Unix processes are instances of an executed program. UNIX, being a multi task operating system handles thousands of processes at a time. We are able to check on what processes are currently running by typing ps at the UNIX prompt. Depending on the options used with the ps command, we can see different outcomes such as $ps -ef | more. This will list all the processes in the system. Some items you might see using the ps command are PID which is the process ID number, TT or TTY shows the controlling terminal for the process. If there is no controlling terminal then a question mark is used.
o - Process is running on a processor
s – Sleeping: process is waiting for an event to complete
r - run-able: process is on run queue.
z - Zombie state: process terminated and parent not waiting. t - Process is stopped, either by a job control signal or because it is being traced.

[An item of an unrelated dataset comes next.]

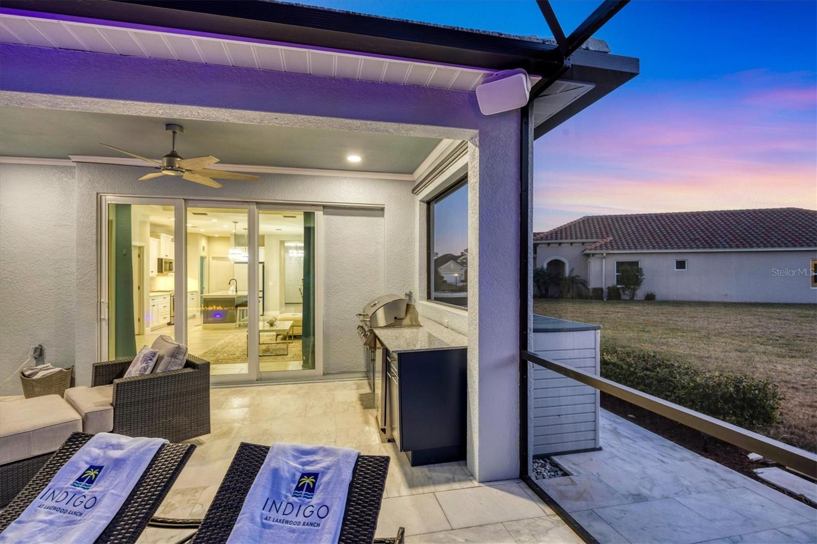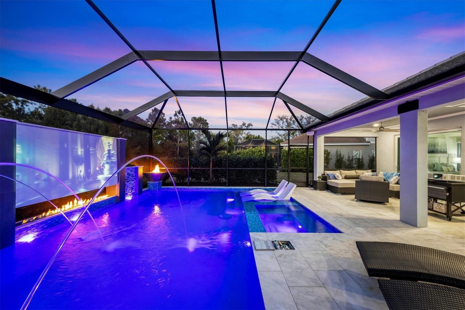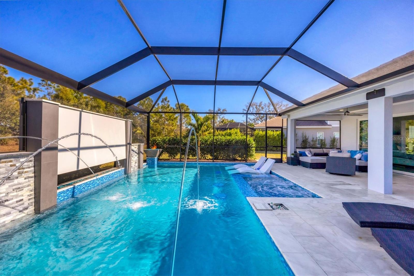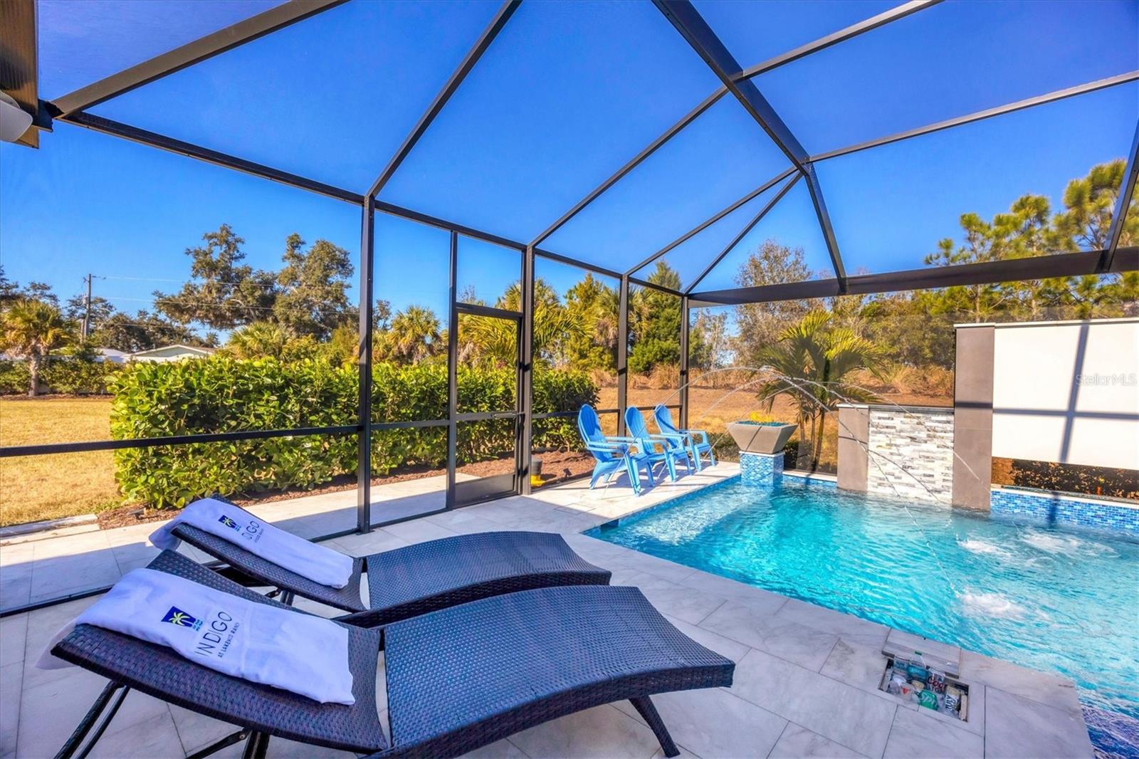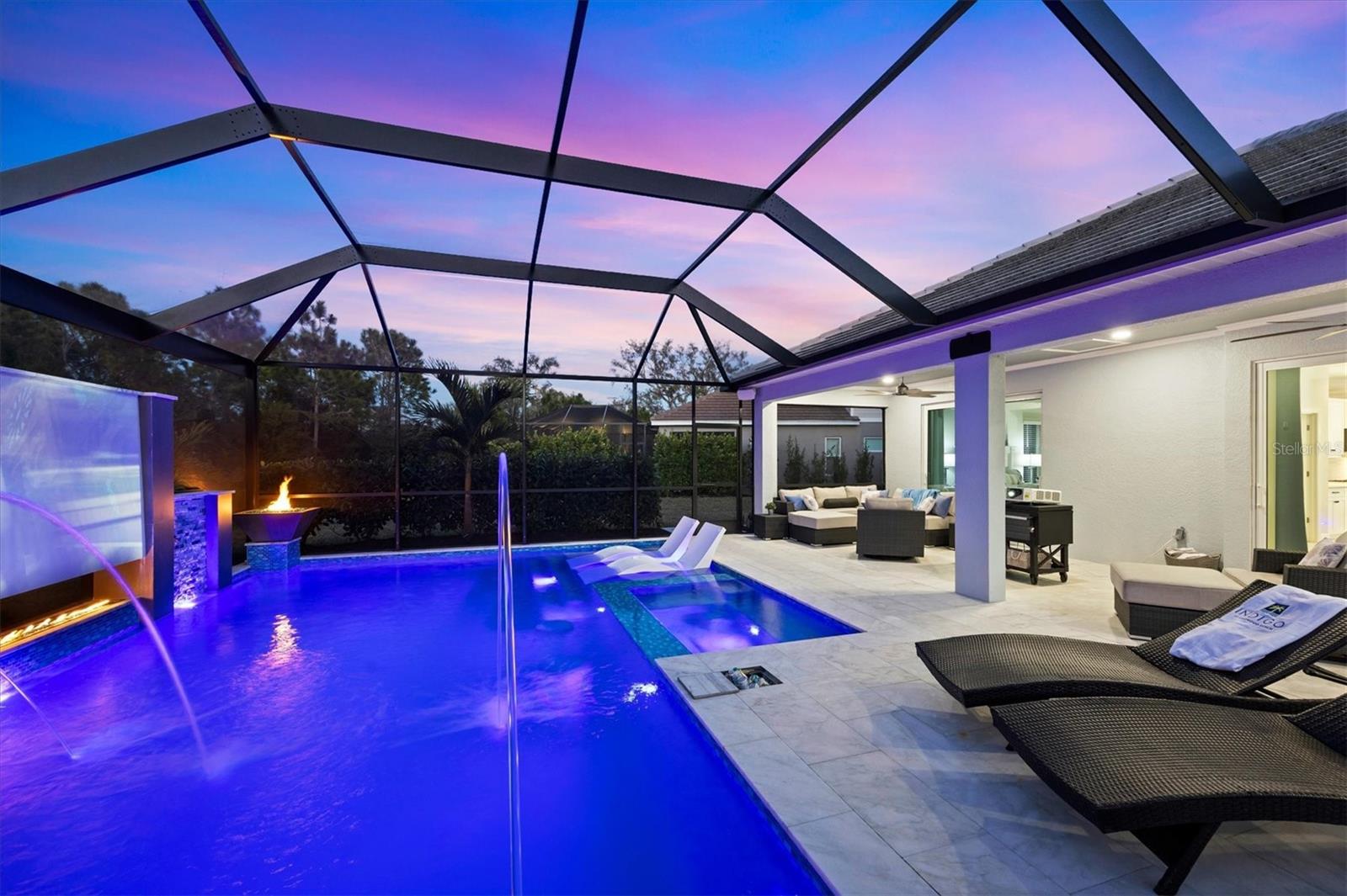 Wait till you see this "Heritage" floorplan with its modern features, impeccable condition AND private pie shaped lot on a cul-de-sac road! This expansive home boasts 4 bedrooms, a LARGE loft area, 3 bathrooms, 2-car garage and a breathtaking covered lanai space with a one off ultra premium saltwater pool spa! Rest assured your new home is built strong and safe with its HURRICANE IMPACT rated glass throughout, cinder block construction, concrete tile roof, ''Guardian'' home alarm system and is located in the highly desirable X floodzone. Throughout the interior you will find 5 1/4" deco baseboards, multiple trey ceilings, LED recessed lighting, high level quartz countertops throughout, custom cabinetry in closets and much more! This home will continue to surprise you with it's private pet room located under the staircase, with its easy access and private location, your beloved pet (s) will be overjoyed to have their own space to relax. The great room with its expansive tray ceiling showcases a spacious environment with more than enough room to entertain guests. For all you kitchen enthusiasts, you will surely gravitate to this custom kitchen featuring a large Island with breakfast bar, upgraded porcelain backsplash, shaker cabinetry with LED undermount lighting that complements the high-level quartz countertops, and an oversized walk-in pantry. The exterior of this home sits very well with its larger than normal lot size, super private rear setting, and brand-new professionally installed landscaping throughout which further sets this home apart from the others! Open up the three paneled HURRICANE IMPACT rated POCKET sliders and prepare to be absolutely amazed! As you walk on the premium marble flooring upon entering the lanai, you'll be in absolute awe of the custom built-in kitchenette with "Bull" stainless steel gas grill with a matching fridge AND one of the most desirable pools seen in a residential home. This expansive fully optioned pool has: numerous water features, movie wall with "Sonos" outdoor sound system with underground subwoofer, TWO fire bowls with a fire trey under movie wall, multi-color LED lighting for pool/spa/barstoools with vertically mounted wall lights, "PebbleTec' with luminous glass blend and shimmering seas abalone, gas and electric heating, salt chlorinator w/Ph monitoring AND integrated dosing system, sunshelf w/umbrella sleeve, built-in deck drink cooler right next to your LARGE SIX person spa with DUAL QUAD therapeutic jet system all ran off its own dedicated jet pump. ALL of this can be operated from your smart device! WOW is right..Indigo is an active community that features a full time on-site manager as well as a full time activities director that manages an extensive calendar of activities for all ages. A-Rated Gullett Elementary AND Mona Jain Middle school are right outside our gates too! You can also expect sidewalks on both sides of the street, ''Oasis'' pool/spa, resort style heated community pool/spa at the main clubhouse where you will find 5 cabanas with an abundance of seating, 4 pickleball courts, 2 bocce ball courts, 24-hour exercise gym, meeting room/banquet room and playground. Indigo is not only a community that takes care of all ground maintenance to include mowing, fertilizing, irrigation, shrubs and mulch but is right around the corner to a plethora of dining, banking, entertainment, public transportation and MORE!
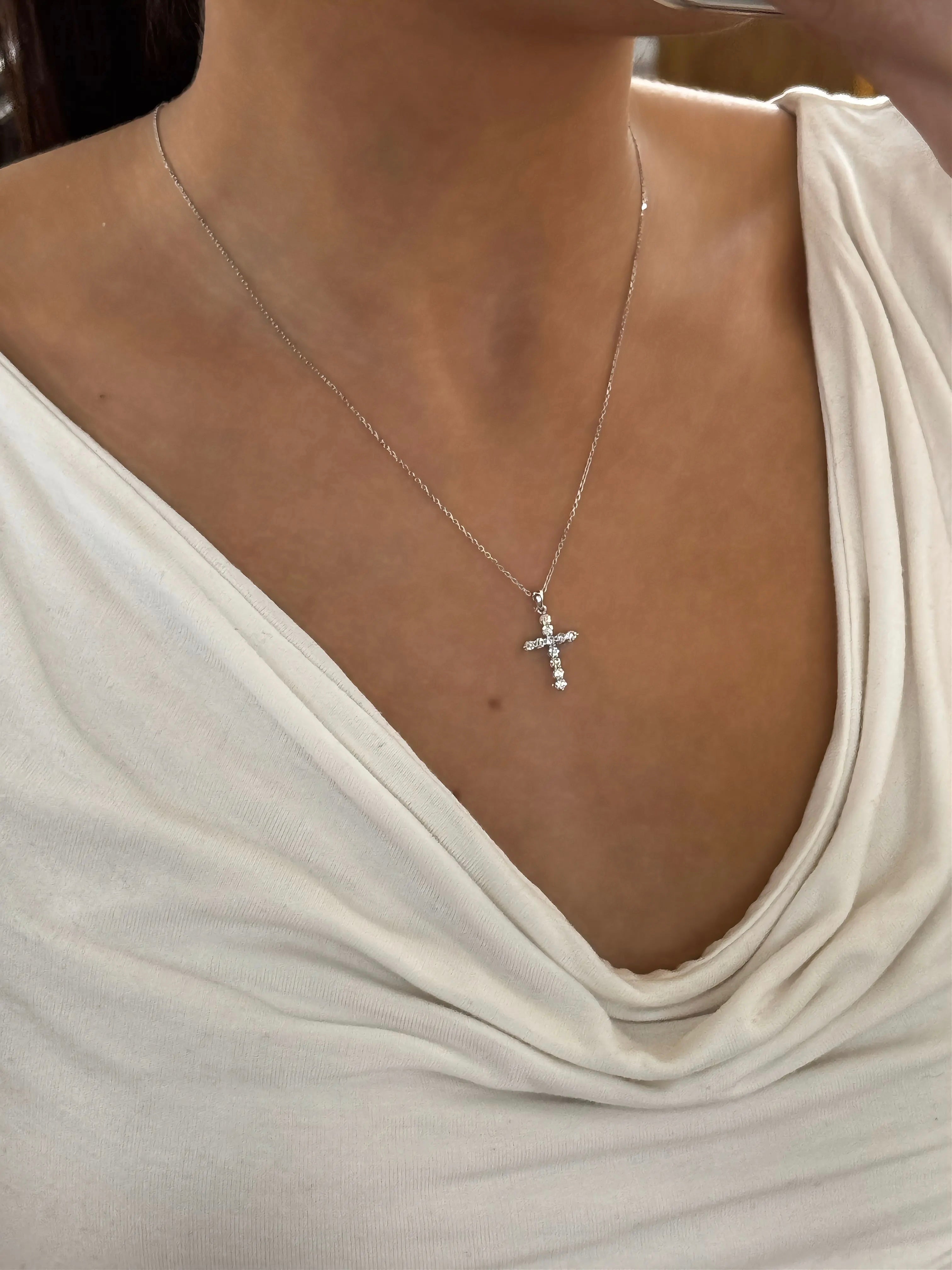 0.42Ct Natural Diamond Claw Set Cross Pendant

To kill a process you could type kill 101. The '101' would be the pid (process ID) number. If the process gets hung and doesn’t listen to this kill command, you can also type kill -9 101. The -9 pulls the plug, this command is not recommended because it can leave some locked files or child processes behind. Kill -l provides a quick look at available signals, names and pid's
Job control is the process of running job processes in your current shell, in your current login session. There are several shell commands you can use to manipulate these jobs even though you close your session or current shell. Jobs may continue to run. This is why there are commands to manipulate any process you might have left behind.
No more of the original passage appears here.